FUCHS: Harry Styles' new album, 'Harry's House,' should be characterized as moving museum
Column: Questioning Jules
Harry Styles has done it again and mesmerized his fans with another great tour. Throughout the past year, following the release of his highly anticipated album "Harry’s House," his concert tickets sold out within minutes of being released for sale. He played at Madison Square Garden for 15 nights while balancing movie premiers and his personal life. Styles has truly been a powerhouse who has done a lot to keep his fans happy.
This semester, I am beginning to study cultural heritage in depth and consider what is and is not cultural heritage. One specific question that has been posed by a professor is to define a museum. After having gone to two of Styles’ concerts and seeing how much energy and diversity they bring, I have come to the conclusion that his shows are a moving museum. Especially his latest concert, which I attended, for his album "Harry's House."
Do not get me wrong, I know that might sound a little ridiculous. I am well aware that Styles fans specifically have a reputation for being a little bit crazy (i.e. “One Direction: This Is Us”). But these shows, the music, the fashion, the photo ops and even the merchandise all resemble similar aspects of a museum.
Museums can be broadly defined as spaces that are used to educate others and give visitors an experience. So what are you learning about by visiting a Styles concert? What exactly makes this experience a museum experience?
I would argue that a lot can be learned from the music of Styles. A lot of his songs are based on his own experiences and emotions. His song “Satellite,” for instance, taught me to feel an emotion I cannot even begin to describe. I listen to this song whenever I feel empty inside and need to fill a void.
There is something about living vicariously through his fun experience that makes me feel better. His songs bring emotions and deep thoughts as his lyrics are also very cleverly crafted and thought-provoking. “As It Was” is the perfect example of thought-provoking, with the lyrics, “Ringin' the bell/And nobody's coming to help/Your daddy lives by himself/He just wants to know that you're well.”
Although there are no formal facts or information learned while experiencing a Styles concert, the music and lyrics are an important part of pop culture.
His songs additionally resemble an exhibition. The songs that are chosen for the setlist are carefully curated to fit in with what the fans want, what Styles wants and what works best with the venue, audience and time limit.
When I saw Styles, he changed the opening song to "Daydreaming." When I was waiting for the concert to begin, I was disappointed that the opening song was changed as I thought that “Music For a Sushi Restaurant” was the obvious choice. But, Styles surprised me completely by making a song that I frankly did not even expect to be performed into an opener.
The music and setlist are only a part of the larger exhibition, though. On top of that, special lighting and effects are chosen to go along with each song to set the ambiance. There were obvious changes in the tone of the audience when the lights were changed for the song.
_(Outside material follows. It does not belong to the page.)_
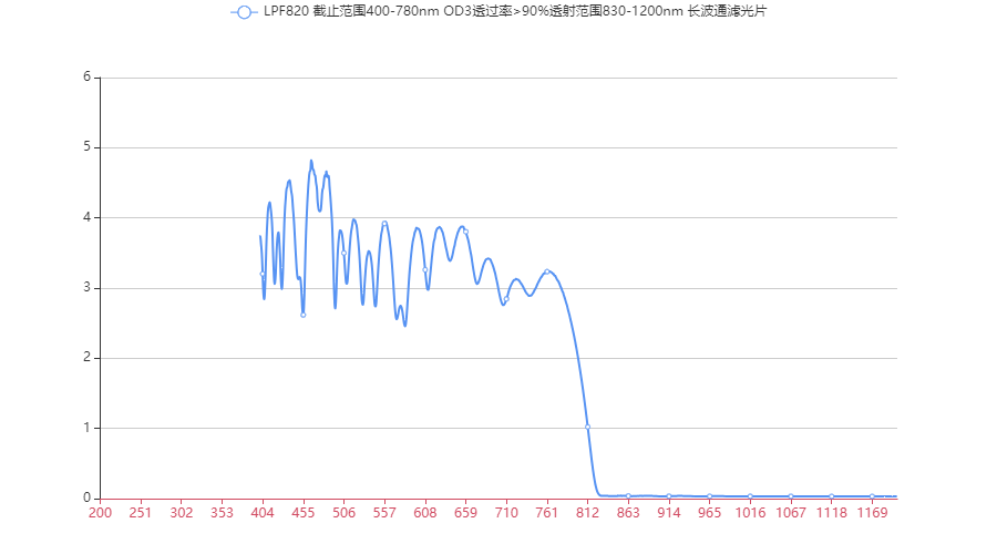 LPF800 长波通滤光片 截止波长200-782nm 透过范围810-1090 OD6 透过率90

Like a painting in a museum would be carefully placed in a specific spot, the timing of each song as well as the accompanying lighting were carefully chosen to support a particular visitor experience.
Styles even guides the audience to change their tone with certain gestures. When he has his guitar, it is implied that a slower song is going to be played next. When he is jumping and dancing around the stage, it is clear that he wants the audience to have fun and dance along with him. A few times throughout the show, he would even ask how everyone was doing and encourage people to sing, dance and have fun.
The most defining portion of the concert, and what makes it most like an exhibition, is the fashion. Styles himself makes bold choices in his attire — wearing things from dresses to feather boas to pink and yellow suits.
This is not only his choice but the fans' choice also. One thing that both shows that I went to had in common was the fan costume. Fans dress up anywhere from a 1960s vibe to sweater vests with fruits on them to wearing outfits that resemble what Styles once wore.
As I sat for the 2022 tour, I was in between a girl in a strawberry sweater vest and a guy in a sparkly button-down and checkered pants (I myself was wearing a black dress as an homage to his line in “Kiwi” and the One Direction song). When fans go to see Styles, they dress with intent. They are dressing to showcase their favorite versions of themselves and Styles, which makes his concert a lot like an interactive exhibit.
Cultural heritage can be defined in any way. It is without a doubt that Styles has made his mark on people throughout his career. His shows are an experience like no other that bring you some insight into his feelings, thoughts and fashion sense. We should make "Harry’s House" a museum!
Julia Fuchs is a graduate student in the art history department studying Cultural Heritage and Preservation. Her column, "Questioning Jules," runs on alternate Thursdays.